He knows. He read the form and found the answers peculiar and suddenly put it together with E. Atreus and he knows and she's about to politely throw me out. Oh dear god, what if he knows? And what if he doesn't?

“The Doctor will see you now,” bowing her head toward Julian.

She opened the door beside the Dürnstein print and took a step backward. Julian walked through and heard Minna muffle the door shut behind her.

This office was only slightly smaller than the reception room, but just as impersonal. This desk, however, was not metal, but burnished mahogany, facing into the room in front of glass double doors that looked out—as he now did, his back toward her—over what appeared to be a modest flower and vegetable garden. Another door led to what must be the examining room. The details around her would blur forever in Julian's remembrance, except for three specific imprints: the dappersuited back of the man of medium height who stood behind the desk, and the two large silver-framed photographs that sat on a side table. One was obviously the young Minna, that obedient smile well in place decades ago. The other was an instantly recognizable baby photograph of Julian herself.

She stood just a step inside the closed door, waiting. Everything seemed to have stopped: time itself, her own heart. He turned, his gaze fixed on the clipboard in his hand, and glanced up at her. What she saw, more than registering any of his features, was a man's face suddenly paling to chalk before her eyes.

“Hello, David. I'm Julian. Your daughter.”

His eyes jerked involuntarily down to the clipboard, then up again to her, then down again, then up. So he had not deciphered the clues. She could hear his mind skidding, braking, careening in the silence of the room.

He regained control, and looked at her evenly. By the time he spoke, the voice was already contained, almost suave.

“I know.”

“Oh? May I ask how? You seemed surprised.”

“You look—very like your mother did when we—when I knew her.”

So that, too, had worked. Set the stage, design the makeup, let no detail escape you. She was wearing her hair as Hope had worn hers in old pictures—parted in the middle, with the sides loosely brushed back, shoulder length—even though she herself usually wore it knotted in a bun, to look and feel older than eighteen. So it had worked.

He came toward her. Each gesture now was weighted with years of fantasy scenarios, and as the movement rose and entered reality so rose the possibilities. In that instant, as it hovered, his motive hung in a balance equal with exquisite likelihood. Then, as it chose one action only, the other possibilities fell away for all time, as the striking of a first chord ends all music.

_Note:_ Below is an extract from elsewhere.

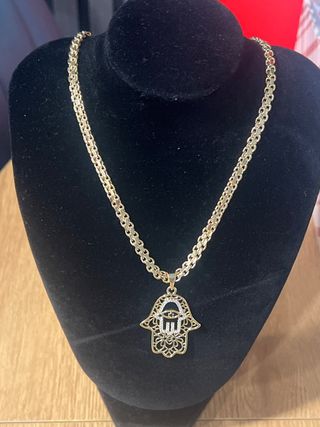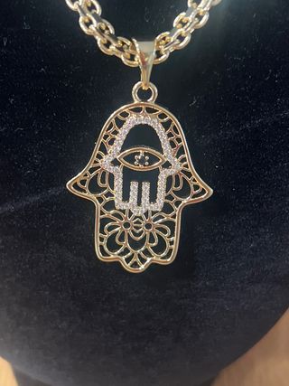 Elegante collar laminado en oro de 14 quilates con un colgante de Hamsa. - Largo del collar: 45 cm. - Colgante con diseño de Hamsa y ojo. - Detalles en circonitas.
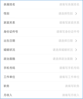 (二)完整添加家庭成员信息。点击“添加成员”,家庭成员信息必须如实、完整填写(包括姓名、与本人关系、政治面貌、手机号码、工作单位),不能只填写部分成员信息,此信息将作为奖助学金评选和家庭经济困难学生认定的主要依据。

He did not embrace her. Instead, he continued past her, opened his office door, put out his head, and curtly told Minna that he wished not to be disturbed. Then he shut and locked the door. So died forever part of the hoping, while part of the panic was resurrected in its place, wildly, irrationally. They were locked in together. What did that mean? Why had he done that?

He retreated to the safety behind his desk.

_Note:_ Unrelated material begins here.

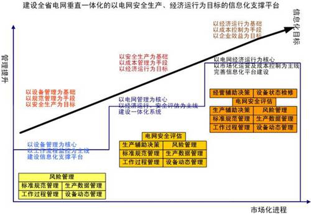 生產(chǎn)系統(tǒng)的目標(biāo)是采取“數(shù)據(jù)集中、應(yīng)用集中、分層維護(hù)”方式,建設(shè)以網(wǎng)絡(luò)技術(shù)為手段,以目標(biāo)體系為基礎(chǔ),以規(guī)章制度為依據(jù),以設(shè)備為核心,以落實崗位責(zé)任制為主線,以對日常工作的提醒、監(jiān)督、考核為推進(jìn)機(jī)制的垂直一體化的、分層面流程化管理的生產(chǎn)辦公管理信息系統(tǒng)。同時,在生產(chǎn)辦公系統(tǒng)的基礎(chǔ)上,建立輔助決策系統(tǒng),對設(shè)備基礎(chǔ)數(shù)據(jù)、標(biāo)準(zhǔn)數(shù)據(jù)、運(yùn)行數(shù)據(jù)、電網(wǎng)實時等數(shù)據(jù)結(jié)合歷史進(jìn)行分類整理;依據(jù)電力生產(chǎn)的管理邏輯,建立科學(xué)的量化的統(tǒng)計與預(yù)測分析模型,為電力生產(chǎn)的工作計劃、風(fēng)險控制、管理決策、電網(wǎng)規(guī)劃等提供科學(xué)的輔助決策分析手段與決策依據(jù)。 在具體實施上,系統(tǒng)開發(fā)和實施分三步走, 以提升管理水平為主線,最終實現(xiàn)實現(xiàn)生產(chǎn)系統(tǒng)為企業(yè)經(jīng)濟(jì)效益直接服務(wù)。(見附圖1)。
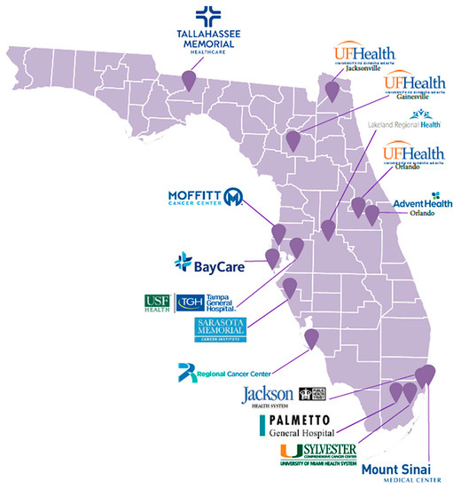 The Florida Pancreas Collaborative (FPC) was founded in 2015 by investigators (JBP, MPM, JGT, NBM) from the three main academic cancer centers based in Florida: Moffitt Cancer Center and Research Institute (MCC, Tampa), the University of Florida Health Cancer Center (UFG, Gainesville), and the Sylvester Comprehensive Cancer Center/University of Miami (UOM, Miami) [24]. Florida Agency for Health Care Administration (AHCA) [25] inpatient discharge data was used to identify institutions throughout Florida with the highest numbers of AA, H/L, and NHW individuals diagnosed and treated for PaCa. We then used internet queries and our professional network to identify and contact clinicians (primarily surgeons and oncologists) to assess interest in participation. Requirements for participation included having a dedicated site principal investigator (PI), institutional support/backing, and willingness to contribute to a common biorepository using standard operating procedures (SOPs). With grant funding from the State of Florida’s James and Esther King Biomedical Research Program in 2018, the FPC expanded to include twelve additional institutions (academic and community cancer centers and private hospitals) including (in alphabetical order): Advent Health Orlando (AHO, Orlando, FL, USA), Jackson Memorial Hospital (JMH, Miami, FL, USA), Lakeland Regional Health Hollis Cancer Center (LRH, Lakeland, FL, USA), Mount Sinai Medical Center (MSM, Miami, FL, USA), Palmetto General Hospital (PGH, Hialeah, FL, USA), Regional Cancer Center (RCC, Fort Myers), Saint Anthony’s Hospital/BayCare (STA, St. Petersburg, FL, USA), Sarasota Memorial Hospital (SMH, Sarasota, FL, USA), Tallahassee Memorial Healthcare (TMH, Tallahassee, FL, USA), the University of Florida Health (UFJ, Jacksonville, FL, USA), Orlando Health University of Florida Health Cancer Center (UFO, Orlando, FL, USA), and the University of South Florida/Tampa General Hospital (USF, Tampa, FL, USA). MCC serves as the lead coordination/management center. A map of participating FPC sites is displayed in Figure 1.

“You will please to sit down?” He all but clicked his heels. The Viennese accent was pronounced, unmistakable, as if intentionally retained.

Julian moved to the seat in front of his desk and sat down.

She saw before her a man in his late fifties or early sixties, well preserved and well dressed—spotless white shirt, a discreetly expensive tie, cufflinks. The silver hair was worn in a fashionable haircut, but slightly longer than common, more in the European style. The features of his face offered her nothing of herself.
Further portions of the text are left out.